== WHAT IS BEING ASKED ==
The copy should hold exactly the lines below from the one that contains "本期主要内容为新闻稿的撰写与" through the one that contains "Kashmir Pink® Himalayan" and nothing else, so no pictures.

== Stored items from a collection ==
--- START ---

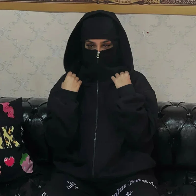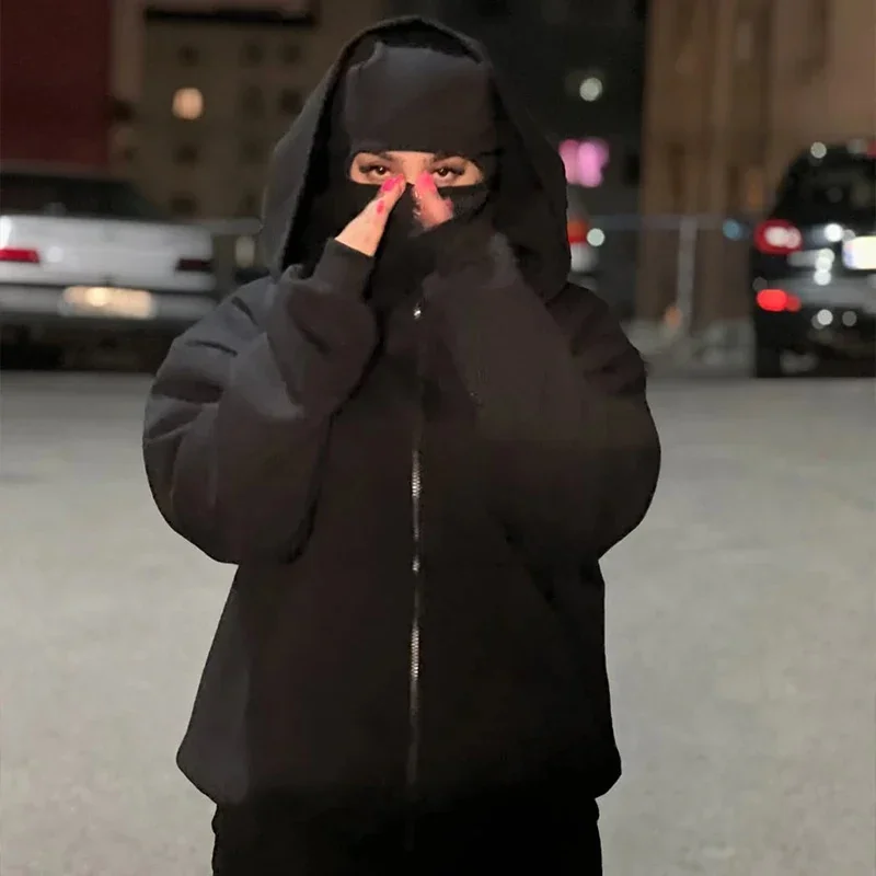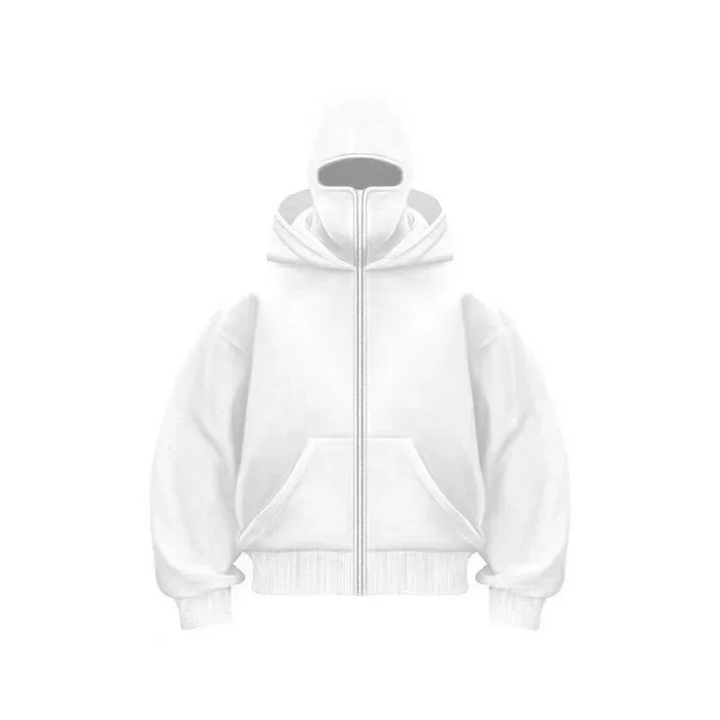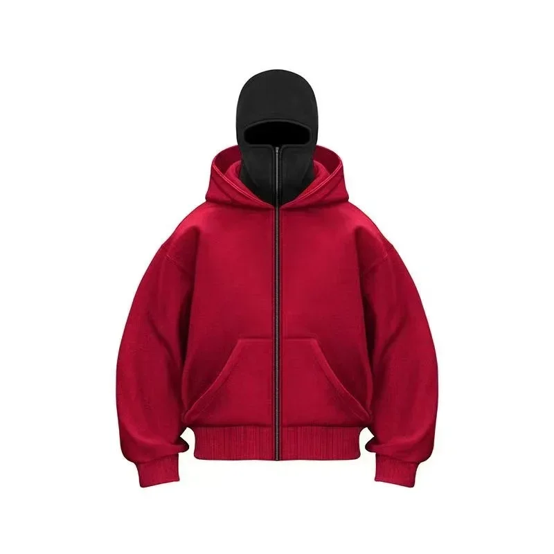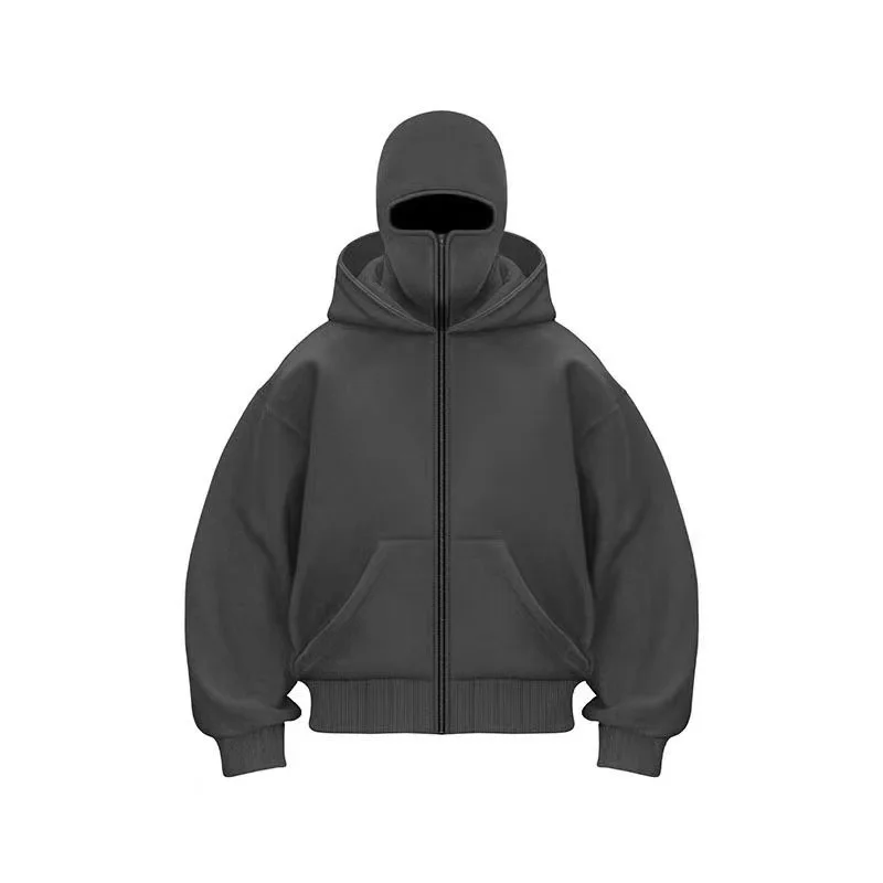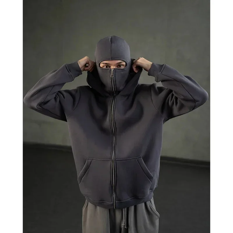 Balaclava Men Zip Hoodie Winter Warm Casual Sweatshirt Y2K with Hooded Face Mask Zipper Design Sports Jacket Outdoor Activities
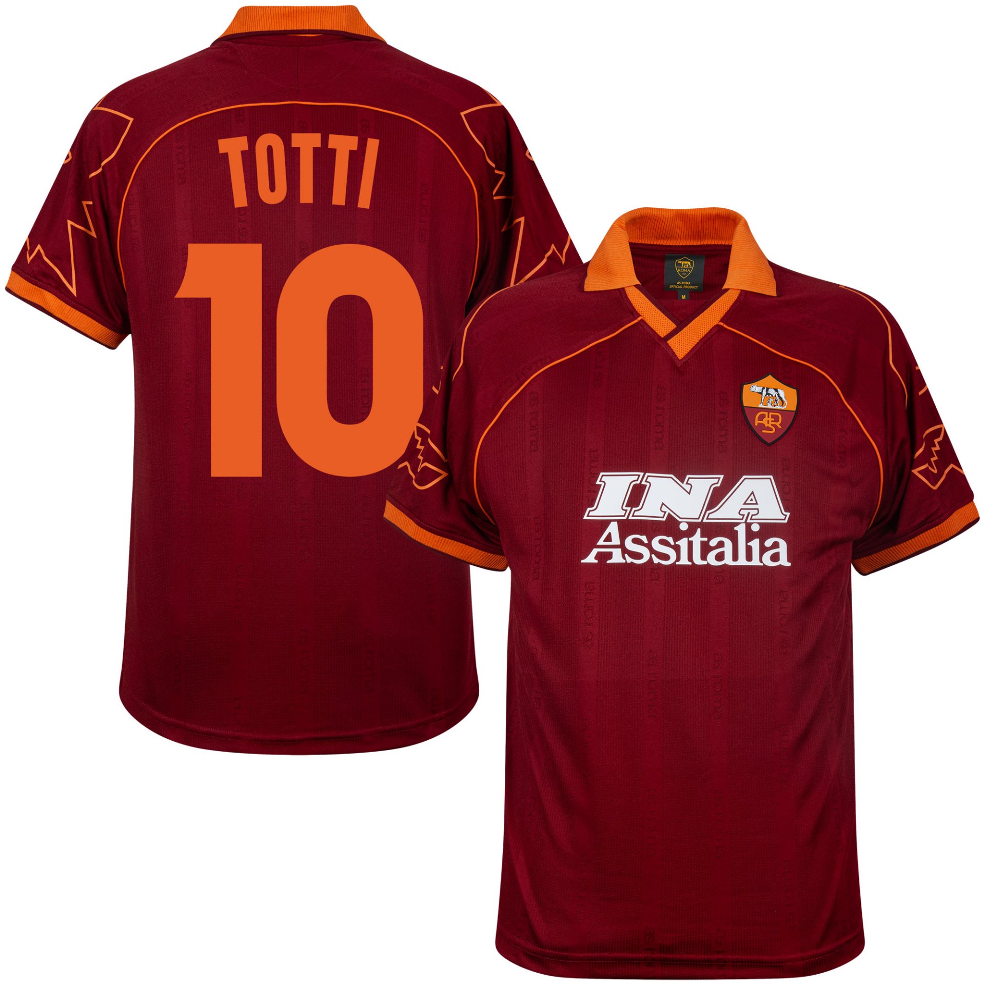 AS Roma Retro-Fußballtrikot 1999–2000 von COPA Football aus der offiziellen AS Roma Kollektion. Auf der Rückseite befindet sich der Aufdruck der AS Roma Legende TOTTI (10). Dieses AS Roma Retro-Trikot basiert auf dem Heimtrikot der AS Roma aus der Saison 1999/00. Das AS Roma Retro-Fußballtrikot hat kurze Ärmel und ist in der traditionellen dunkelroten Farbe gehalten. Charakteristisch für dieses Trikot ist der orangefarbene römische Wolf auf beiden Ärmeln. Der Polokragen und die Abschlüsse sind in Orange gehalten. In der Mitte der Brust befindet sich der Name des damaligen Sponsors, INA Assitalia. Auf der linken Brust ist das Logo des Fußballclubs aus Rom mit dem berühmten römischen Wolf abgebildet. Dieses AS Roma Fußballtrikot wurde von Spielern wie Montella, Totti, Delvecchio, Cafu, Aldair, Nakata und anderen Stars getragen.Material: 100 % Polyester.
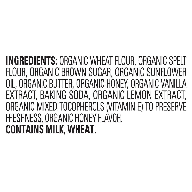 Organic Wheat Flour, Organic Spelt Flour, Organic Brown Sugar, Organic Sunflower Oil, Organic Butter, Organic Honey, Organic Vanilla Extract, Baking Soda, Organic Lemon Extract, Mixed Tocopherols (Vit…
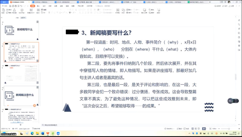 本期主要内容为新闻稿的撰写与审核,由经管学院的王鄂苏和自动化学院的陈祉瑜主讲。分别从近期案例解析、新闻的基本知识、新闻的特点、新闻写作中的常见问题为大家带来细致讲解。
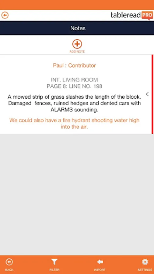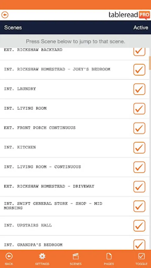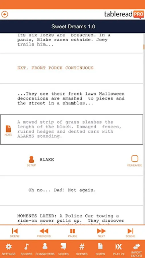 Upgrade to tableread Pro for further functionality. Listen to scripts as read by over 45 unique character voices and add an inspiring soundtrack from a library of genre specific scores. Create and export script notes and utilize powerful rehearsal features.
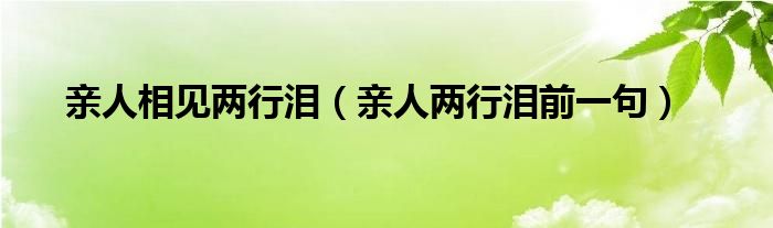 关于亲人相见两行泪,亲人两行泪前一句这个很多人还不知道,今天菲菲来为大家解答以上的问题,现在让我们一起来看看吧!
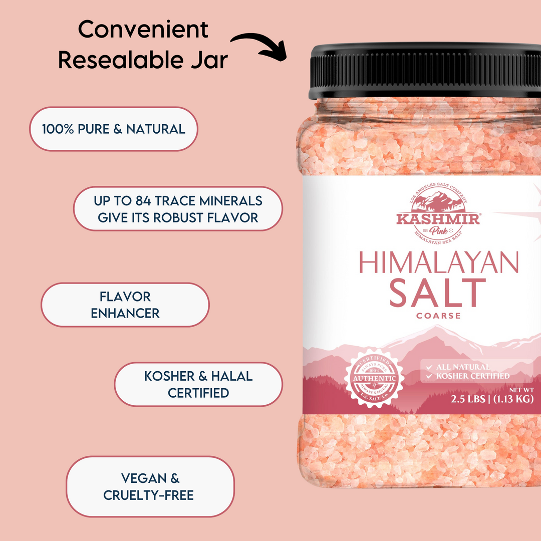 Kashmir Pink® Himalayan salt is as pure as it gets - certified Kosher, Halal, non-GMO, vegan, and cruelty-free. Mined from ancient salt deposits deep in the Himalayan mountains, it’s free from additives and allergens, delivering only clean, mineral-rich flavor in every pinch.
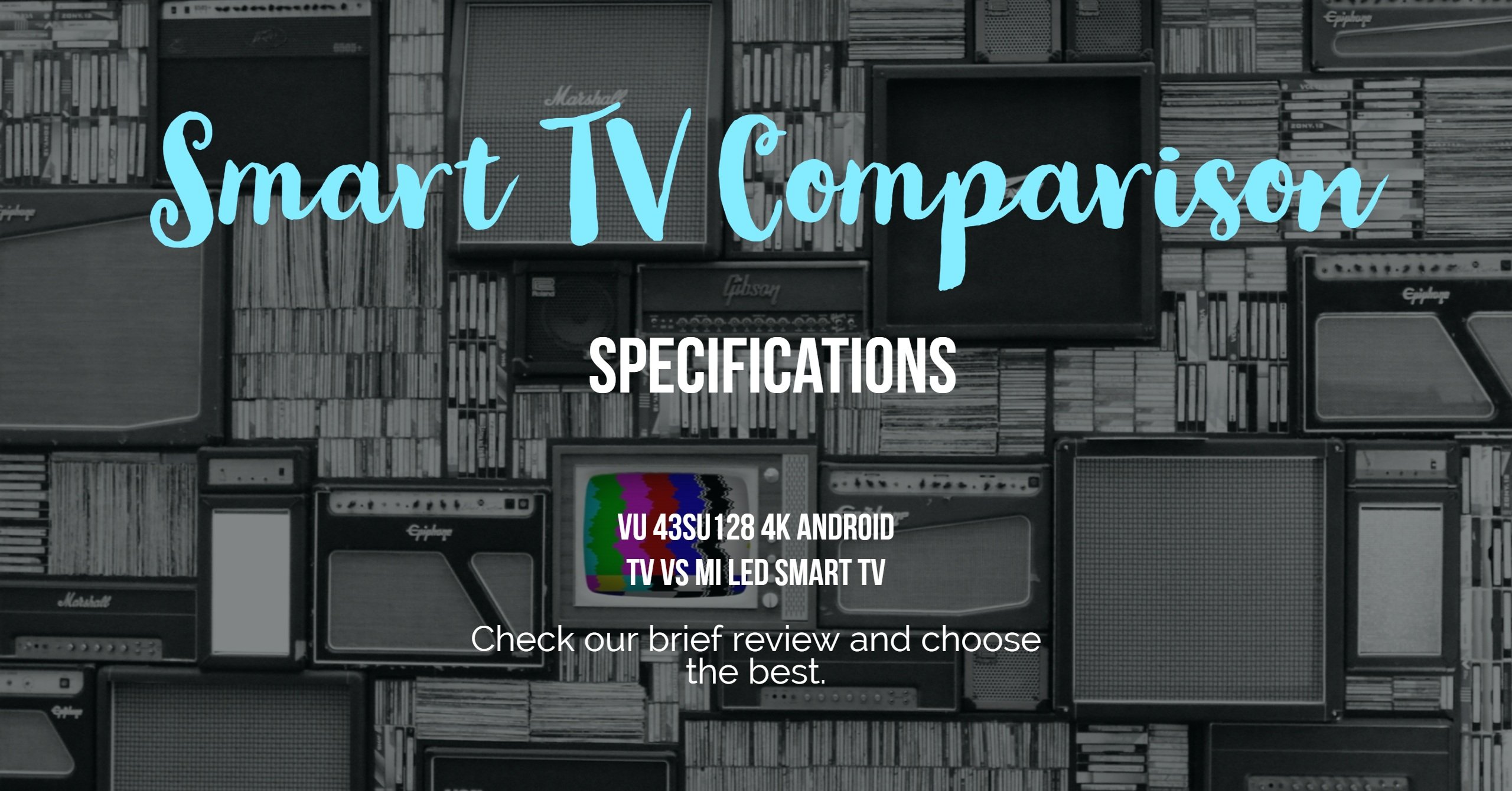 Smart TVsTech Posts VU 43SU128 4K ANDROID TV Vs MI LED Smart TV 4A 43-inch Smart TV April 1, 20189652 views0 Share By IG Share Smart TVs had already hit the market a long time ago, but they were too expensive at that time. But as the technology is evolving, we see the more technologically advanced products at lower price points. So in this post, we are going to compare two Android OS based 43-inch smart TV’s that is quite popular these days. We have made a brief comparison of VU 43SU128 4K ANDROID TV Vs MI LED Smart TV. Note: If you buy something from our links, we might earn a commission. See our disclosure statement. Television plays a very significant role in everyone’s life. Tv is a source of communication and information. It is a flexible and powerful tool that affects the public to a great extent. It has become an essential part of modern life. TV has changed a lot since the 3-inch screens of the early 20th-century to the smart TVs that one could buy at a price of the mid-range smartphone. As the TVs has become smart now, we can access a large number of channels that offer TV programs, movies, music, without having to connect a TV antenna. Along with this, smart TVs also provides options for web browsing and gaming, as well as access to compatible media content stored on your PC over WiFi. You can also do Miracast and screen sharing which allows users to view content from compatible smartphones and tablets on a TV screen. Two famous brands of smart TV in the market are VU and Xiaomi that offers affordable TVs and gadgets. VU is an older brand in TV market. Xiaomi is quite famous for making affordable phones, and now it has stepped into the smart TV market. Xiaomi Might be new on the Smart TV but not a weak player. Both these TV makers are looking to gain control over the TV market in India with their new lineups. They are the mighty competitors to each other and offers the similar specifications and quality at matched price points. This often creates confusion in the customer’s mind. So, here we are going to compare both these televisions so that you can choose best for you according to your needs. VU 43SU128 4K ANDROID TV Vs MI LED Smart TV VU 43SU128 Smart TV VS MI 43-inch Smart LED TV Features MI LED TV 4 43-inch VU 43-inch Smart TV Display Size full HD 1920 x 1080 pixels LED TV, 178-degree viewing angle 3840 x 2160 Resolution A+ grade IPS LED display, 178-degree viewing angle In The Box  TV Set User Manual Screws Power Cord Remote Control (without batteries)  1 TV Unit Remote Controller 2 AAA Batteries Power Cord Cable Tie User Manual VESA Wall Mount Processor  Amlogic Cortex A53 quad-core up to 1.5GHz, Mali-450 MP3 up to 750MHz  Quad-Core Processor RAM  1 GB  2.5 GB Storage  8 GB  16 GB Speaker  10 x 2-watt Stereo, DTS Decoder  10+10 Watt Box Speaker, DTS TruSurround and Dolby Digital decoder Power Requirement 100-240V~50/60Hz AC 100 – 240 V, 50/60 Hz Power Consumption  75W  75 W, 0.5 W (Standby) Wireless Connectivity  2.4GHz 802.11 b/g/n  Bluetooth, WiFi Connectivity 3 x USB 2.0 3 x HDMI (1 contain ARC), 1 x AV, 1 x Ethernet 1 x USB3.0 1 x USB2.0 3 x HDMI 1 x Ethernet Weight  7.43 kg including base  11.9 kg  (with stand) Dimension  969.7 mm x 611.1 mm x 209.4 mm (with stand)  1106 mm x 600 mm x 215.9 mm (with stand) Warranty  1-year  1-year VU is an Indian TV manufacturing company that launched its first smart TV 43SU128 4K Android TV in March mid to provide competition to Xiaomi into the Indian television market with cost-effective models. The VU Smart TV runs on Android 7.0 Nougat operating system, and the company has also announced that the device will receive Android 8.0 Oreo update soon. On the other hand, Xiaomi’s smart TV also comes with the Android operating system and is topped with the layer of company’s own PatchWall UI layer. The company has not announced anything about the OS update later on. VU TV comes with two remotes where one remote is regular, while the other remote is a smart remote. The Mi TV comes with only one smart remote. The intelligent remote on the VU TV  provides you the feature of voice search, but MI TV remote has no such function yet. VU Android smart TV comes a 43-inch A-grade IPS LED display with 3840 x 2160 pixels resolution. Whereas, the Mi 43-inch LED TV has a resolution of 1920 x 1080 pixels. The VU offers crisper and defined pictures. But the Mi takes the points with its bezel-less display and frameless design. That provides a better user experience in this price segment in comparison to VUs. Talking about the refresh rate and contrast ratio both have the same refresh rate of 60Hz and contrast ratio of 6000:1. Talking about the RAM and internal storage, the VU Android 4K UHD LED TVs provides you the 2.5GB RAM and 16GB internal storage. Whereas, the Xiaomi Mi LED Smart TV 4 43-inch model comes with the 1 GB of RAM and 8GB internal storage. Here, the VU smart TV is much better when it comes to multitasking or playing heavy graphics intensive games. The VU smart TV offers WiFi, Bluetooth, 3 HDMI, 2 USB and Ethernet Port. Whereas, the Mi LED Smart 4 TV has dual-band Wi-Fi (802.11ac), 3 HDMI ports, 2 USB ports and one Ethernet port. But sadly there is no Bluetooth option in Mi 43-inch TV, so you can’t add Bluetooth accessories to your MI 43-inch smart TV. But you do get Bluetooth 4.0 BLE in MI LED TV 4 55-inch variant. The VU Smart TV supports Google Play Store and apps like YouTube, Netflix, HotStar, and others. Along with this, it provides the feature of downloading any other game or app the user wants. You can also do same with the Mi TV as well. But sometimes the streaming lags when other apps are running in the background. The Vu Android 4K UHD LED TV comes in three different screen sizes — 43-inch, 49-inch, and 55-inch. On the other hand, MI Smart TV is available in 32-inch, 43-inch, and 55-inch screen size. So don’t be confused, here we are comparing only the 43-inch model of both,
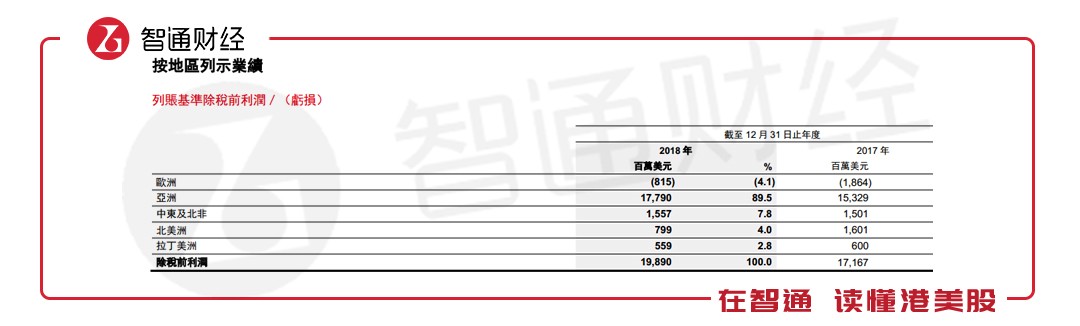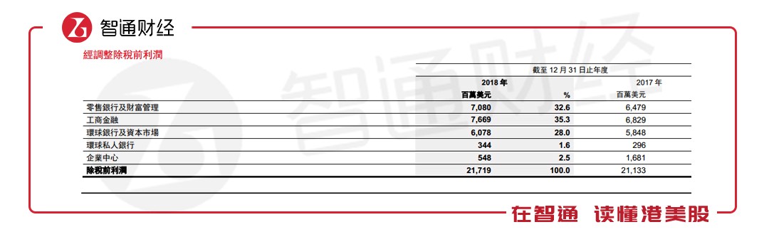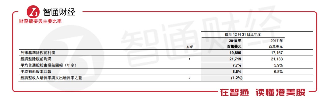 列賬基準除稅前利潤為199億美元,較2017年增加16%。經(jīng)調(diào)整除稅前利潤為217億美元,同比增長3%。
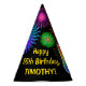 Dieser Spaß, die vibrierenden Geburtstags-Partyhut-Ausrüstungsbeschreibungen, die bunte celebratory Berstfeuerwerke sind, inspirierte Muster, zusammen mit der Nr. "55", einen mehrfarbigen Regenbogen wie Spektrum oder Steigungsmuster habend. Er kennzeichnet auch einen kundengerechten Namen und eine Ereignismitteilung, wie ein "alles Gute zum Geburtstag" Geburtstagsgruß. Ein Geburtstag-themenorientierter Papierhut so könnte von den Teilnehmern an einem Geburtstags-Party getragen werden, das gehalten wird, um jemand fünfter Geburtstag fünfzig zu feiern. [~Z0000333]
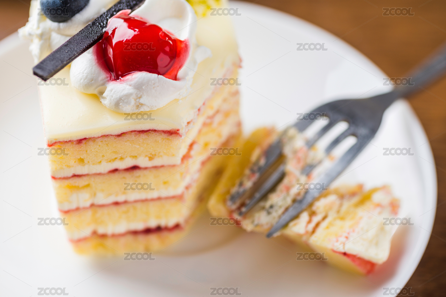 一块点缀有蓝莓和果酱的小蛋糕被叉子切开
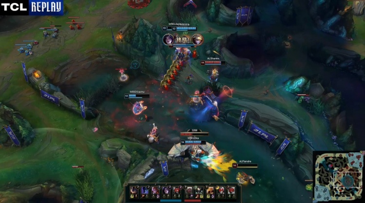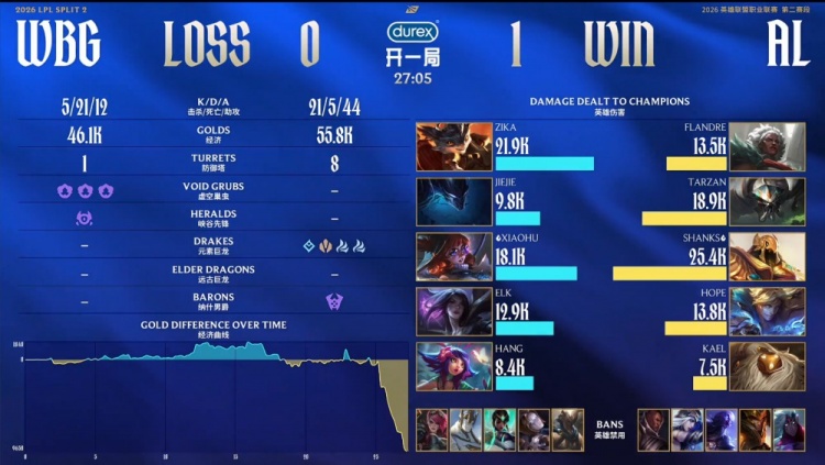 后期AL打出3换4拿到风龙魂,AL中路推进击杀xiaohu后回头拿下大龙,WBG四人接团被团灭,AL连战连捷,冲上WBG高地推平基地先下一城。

--- END ---

== SOLUTION ==
 本期主要内容为新闻稿的撰写与审核,由经管学院的王鄂苏和自动化学院的陈祉瑜主讲。分别从近期案例解析、新闻的基本知识、新闻的特点、新闻写作中的常见问题为大家带来细致讲解。
 Upgrade to tableread Pro for further functionality. Listen to scripts as read by over 45 unique character voices and add an inspiring soundtrack from a library of genre specific scores. Create and export script notes and utilize powerful rehearsal features.
 关于亲人相见两行泪,亲人两行泪前一句这个很多人还不知道,今天菲菲来为大家解答以上的问题,现在让我们一起来看看吧!
 Kashmir Pink® Himalayan salt is as pure as it gets - certified Kosher, Halal, non-GMO, vegan, and cruelty-free. Mined from ancient salt deposits deep in the Himalayan mountains, it’s free from additives and allergens, delivering only clean, mineral-rich flavor in every pinch.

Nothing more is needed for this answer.